(CNN)Houston authorities have identified the suspect who they say "brutally murdered" a Harris County deputy constable Sunday morning during a traffic stop for no apparent reason.
Houston authorities identify man wanted in connection with the fatal shooting of a deputy
Charles Galloway, 47, was making a traffic stop on a newer-model, white Toyota Avalon around 12:24 a.m. (1:24 a.m. ET) when the shooting occurred, Houston Police Chief Troy Finner said.
"Witnesses describe the suspect as Hispanic male (and) say that he got out of his vehicle and immediately fired upon the deputy multiple times, striking him and then drove off," Finner said.
A witness told police an "assault-type weapon" was used in the shooting, the police chief said.
"This is senseless. It makes no sense whatsoever," the chief said.
The motive remains unclear.
The driver of the Toyota Avalon has been identified as Oscar Rosales, 51, Finner said. Rosales is wanted in connection with Galloway's death on a charge of capital murder, said Harris County District Attorney Kim Ogg at a news conference Monday.
Finner said authorities have video evidence of Rosales shooting the constable on Sunday, although he wouldn't go into additional detail about the video.
A $60,000 reward has been offered for evidence leading to the arrest of Rosales. Authorities caution Rosales may go by other aliases. He is considered armed and dangerous and is known to change his appearance, Finner said.
Two of Rosales' family members are in custody and have been charged with tampering with evidence, Ogg added.

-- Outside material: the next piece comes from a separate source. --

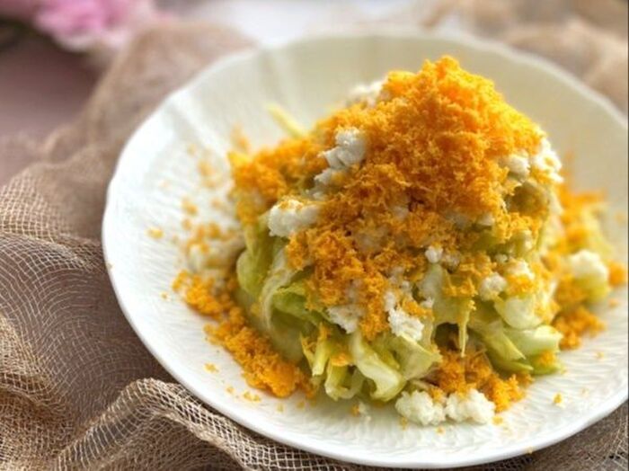 器に盛り付け ゆで卵を白身と黄身に分け茶こしなどでそれぞれ漉す

That evidence was the Toyota Avalon that was recovered by authorities, Finner said.
Ogg said once Rosales is apprehended, her office will ask a judge to hold him without bail.
Galloway was a 12-year veteran and a field training officer, Harris County Precinct 5 Constable Ted Heap said Sunday morning.
Galloway sometimes volunteered to work the night shift to make himself available for field training, Heap said.
Galloway is survived by a daughter, his sister and "the numerous officers here in Precinct 5 who are trained by him," mentored by him "and who are going to miss him tremendously," Heap said.
The Texas deputy's death came less than two days after a 22-year-old New York City police officer was killed in the line of duty.
Jason Rivera was responding to a domestic disturbance call when he was gunned down Friday night.
While he was in the police academy, Rivera wrote that he wanted to "better the relationship between the community and the police."